Il Fondo crescita sostenibile assorbe le risorse
Il Fondo per la crescita sostenibile diventa il principale veicolo della riforma. Il decreto lo articola in quattro sezioni dedicate a ricerca, sviluppo e innovazione, start up d’impresa, investimenti produttivi per la transizione verde e digitale, accesso al credito e mercato dei capitali. L’architettura sposta molte misure da una logica di interventi separati a una logica di bandi tematici e discipline quadro.
La sezione su ricerca e innovazione opera attraverso gli IPCEI, bandi tematici, procedure negoziali per i progetti di maggiore dimensione e interventi sulla proprietà industriale, favorendo le aggregazioni tramite contratto di rete. La sezione sugli investimenti produttivi conserva i contratti di sviluppo (art. 43 D.L. 112/2008) per i grandi programmi e affianca bandi con attenzione riservata alle PMI. L’ultima sezione interviene sulle imprese in temporanea difficoltà, comprese quelle sequestrate e confiscate alla criminalità organizzata.

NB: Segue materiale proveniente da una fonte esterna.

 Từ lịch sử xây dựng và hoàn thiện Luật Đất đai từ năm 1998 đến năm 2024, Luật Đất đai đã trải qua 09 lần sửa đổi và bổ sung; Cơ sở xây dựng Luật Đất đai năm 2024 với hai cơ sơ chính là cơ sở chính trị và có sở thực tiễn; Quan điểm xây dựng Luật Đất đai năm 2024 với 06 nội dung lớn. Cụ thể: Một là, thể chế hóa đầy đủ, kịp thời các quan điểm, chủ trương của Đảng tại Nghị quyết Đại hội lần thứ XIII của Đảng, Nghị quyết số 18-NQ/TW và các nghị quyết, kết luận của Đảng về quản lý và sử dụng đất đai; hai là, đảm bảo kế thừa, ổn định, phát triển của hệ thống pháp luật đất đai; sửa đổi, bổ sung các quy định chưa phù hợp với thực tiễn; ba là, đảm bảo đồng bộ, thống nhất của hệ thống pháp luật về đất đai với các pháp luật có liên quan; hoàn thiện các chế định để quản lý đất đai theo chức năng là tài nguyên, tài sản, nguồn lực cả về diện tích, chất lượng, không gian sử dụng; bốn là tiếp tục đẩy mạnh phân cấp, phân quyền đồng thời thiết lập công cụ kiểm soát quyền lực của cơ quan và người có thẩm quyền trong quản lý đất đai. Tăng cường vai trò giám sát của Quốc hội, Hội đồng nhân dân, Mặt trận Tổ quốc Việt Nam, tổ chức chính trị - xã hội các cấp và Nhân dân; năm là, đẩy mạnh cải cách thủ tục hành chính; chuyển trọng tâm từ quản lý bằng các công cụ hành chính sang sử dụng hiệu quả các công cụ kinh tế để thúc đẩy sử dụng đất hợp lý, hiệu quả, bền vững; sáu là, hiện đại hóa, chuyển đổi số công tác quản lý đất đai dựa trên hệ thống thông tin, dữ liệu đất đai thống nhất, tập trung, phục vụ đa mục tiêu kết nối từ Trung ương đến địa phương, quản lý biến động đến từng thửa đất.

Per le imprese il vantaggio atteso è una maggiore leggibilità dell’offerta pubblica; il rischio è che strumenti troppo ampi rendano meno immediato capire quali requisiti, spese e progetti siano finanziabili.
Misure che cambiano regia
Oltre alle soppressioni, l’articolo 10 ridisegna la governance di alcuni strumenti che continuano a esistere. La modifica meno visibile riguarda la proprietà industriale: il comma 11 dell’articolo 32 del D.L. n. 34/2019 non prevede più un atto di programmazione dedicato ai bandi brevetti, marchi e disegni, sostituito dall’individuazione delle risorse da destinare a bandi adottati nell’ambito del Fondo per la crescita sostenibile.

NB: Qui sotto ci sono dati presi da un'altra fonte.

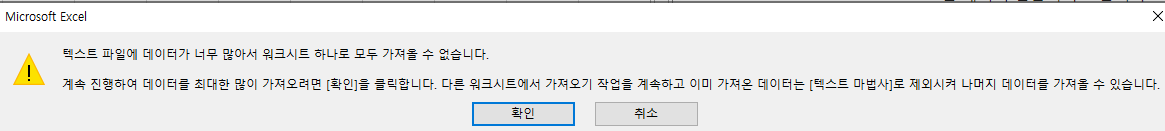 -> 엑셀: 데이터>텍스트/csv 파일 가져오기 메뉴로 로드한다고 해도... 아래와 같은 문구가 뜬다.
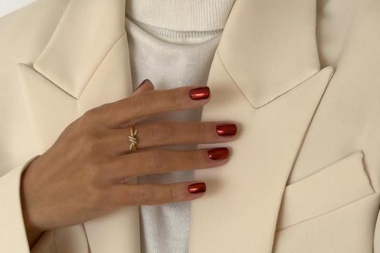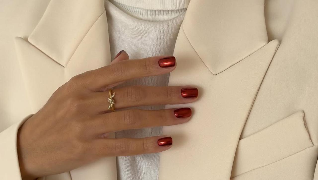 Blagdanska sezona je savršeno vrijeme za nokte koji blistaju i jednostavno mame poglede. Ako želiš manikuru koja kombinira klasičnu crvenu boju s modernim metalik ili kromiranim sjajem - onda je ovo, ta manikura. Radi se o kratkim, kvadratnim noktima u crvenoj metallic nijansi, a efekt ove manikure je poznat i kao “velvet glass nails” ili “jelly red chrome”. Sjajna, reflektirajuća završnica podsjeća na staklo ili ogledalo, i savršeno ide uz elegantne božićne i novogodišnje outfite. Takav efekt često se najbrže postiže korištenjem gel naljepnica i press‐on noktiju ili gel lakova u kombinaciji s chrome praškom. No, moguće ju je kreirati i uz pomoć klasičnih metalik lakova za nokte ili crvenih lakova uz metalik nadlak.

Per le PMI che usano Brevetti+, Marchi+ e Disegni+ le misure rimangono, mentre la programmazione delle aperture segue la logica dei bandi tematici del Fondo. Lo stesso articolo abroga i commi 8-bis e 9 dell’articolo 27 del D.L. n. 83/2012 sui progetti di riconversione industriale nelle aree di crisi complessa, e riduce l’ambito del Fondo per il trasferimento tecnologico gestito da ENEA, cancellando il riferimento ai programmi su settore biomedicale e telemedicina.

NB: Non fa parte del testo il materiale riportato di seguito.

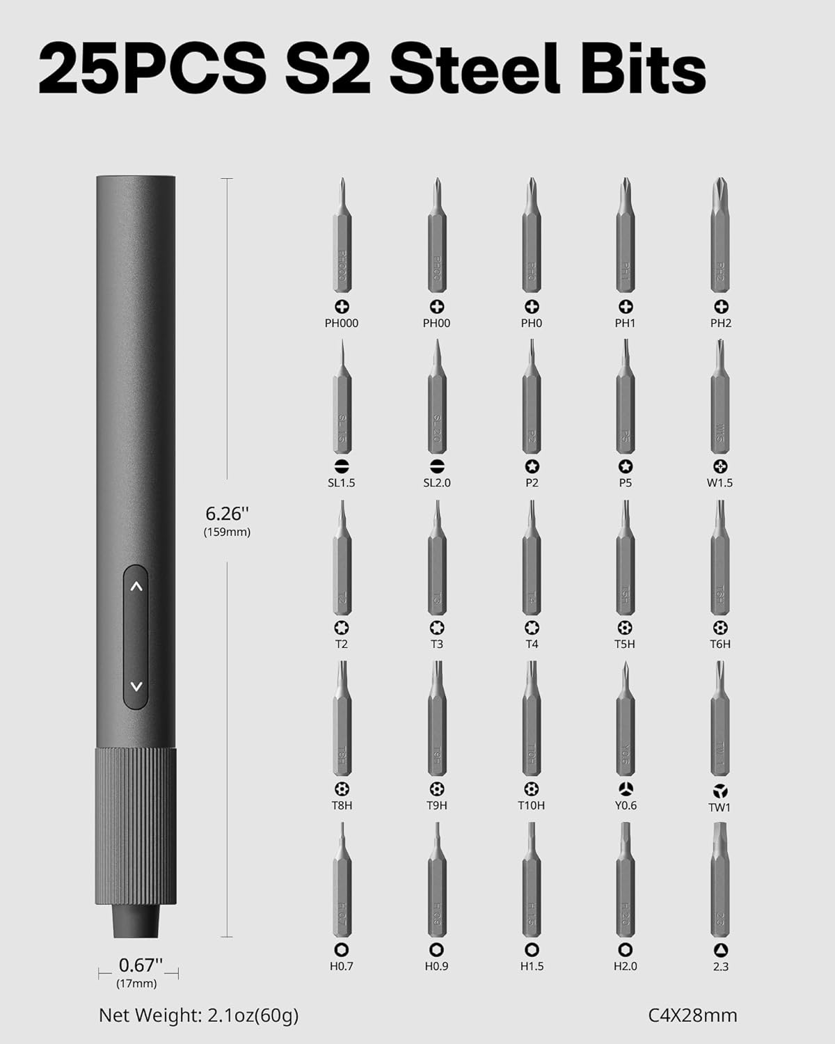 Included Components 1 x Electric Precision Screwdriver, 1 x Magnetic Storage Box, 1 x USB-C Charging Cable, 25 x S2 Steel Bits (C4 x 28 mm): Torx: T2, T3, T4, T5H, T6H, T8H, T9H, T10H, Phillips: PH000, PH00, PH0, PH1, PH2, Hex: H0.7, H0.9, H1.5, H2.0, Flat Blade: SL1.5, SL2.0, Pentalobe: P2, P5, Pozidriv: W1.5, Y-shaped: Y0.6, Tri-wing: TW1, Triangle: Δ2.3.
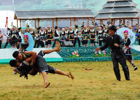 Wrestlers of Dong nationality perform at the opening ceremony of a cultural arts festival in Kaili, Southwest China's Guizhou Province July 23, 2007. [Xinhua]
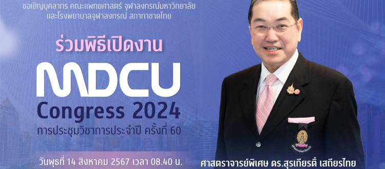 9 ส.ค. 2024 ขอเชิญบุคลากร คณะแพทยศาสตร์ จุฬาลงกรณ์มหาวิทยาลัย และโรงพยาบาลจุฬาลงกรณ์ ร่วมพิธีเปิดงาน MDCU Congress 2024 การประชุมวิชาการประจำปี ครั้งที่ 60 /Tags#mdcu, 60thMDCUCONGRESS2024, chula, chulalongkorn, MDCUCONGRESS2024, MDCUTALK, medicine, คณะแพทยศาสตร์จุฬาลงกรณ์มหาวิทยาลัย, คณะแพทยศาสตร์จุฬาฯ, คณะแพทย์จุฬาฯ, แพทย์จุฬาฯ กลับไปหน้าข่าวประชาสัมพันธ์
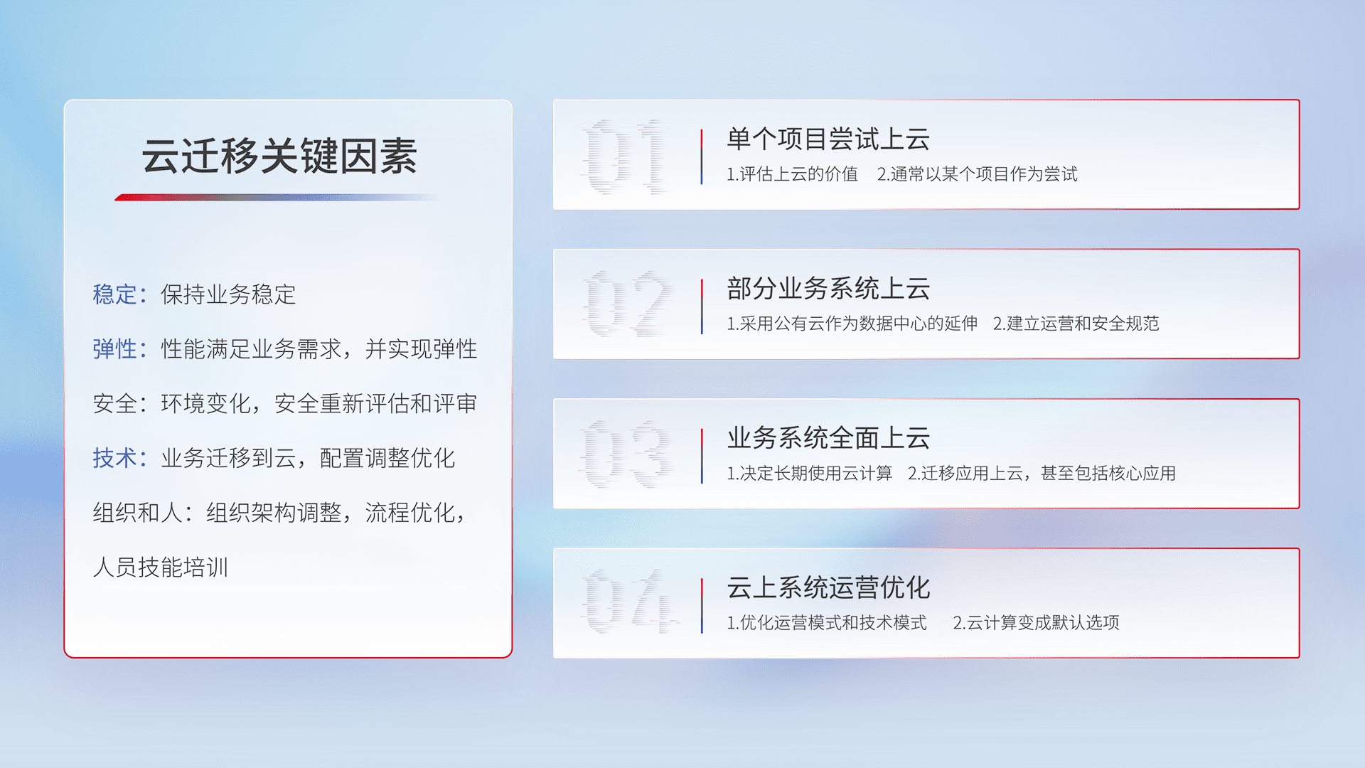 结合实际业务,,,从规划设计、、云平台选型、、、、云原生改造、、数据迁移、、集成交付,,迁移全过程为客户识别最佳上云路径,,,做好风险识别管理,,,,设计网络架构、、、、身份权限、、、安全审计合规、、、操作审计、、、日志审计、、、监控告警策略、、多站点容灾设计等,,对云上基础设施进行整体规划,,,提升IT治理水平,,,,以满足弹性、、、、高可用、、高性能的需求。。。。

Microimprese e PMI alla prova dei bandi
Per microimprese e PMI il risultato dipenderà dalla chiarezza dei bandi attuativi. Strumenti più concentrati funzionano solo se indicano con chiarezza beneficiari, spese ammissibili, criteri di valutazione, tempi e documenti richiesti.
I decreti ministeriali con la disciplina quadro delle quattro sezioni sono attesi entro 180 giorni dall’entrata in vigore della Legge di Bilancio.
La questione tocca soprattutto le imprese con minore capacità amministrativa, che spesso accedono agli aiuti tramite consulenti, associazioni o sportelli territoriali: la riduzione della frammentazione sarà utile solo se renderà più semplice riconoscere il bando giusto e presentare una domanda completa. La platea è ampia, perché il decreto include nella nozione di impresa anche il lavoratore autonomo, il libero professionista iscritto agli ordini e l’esercente una professione non organizzata ai sensi della L. n. 4/2013.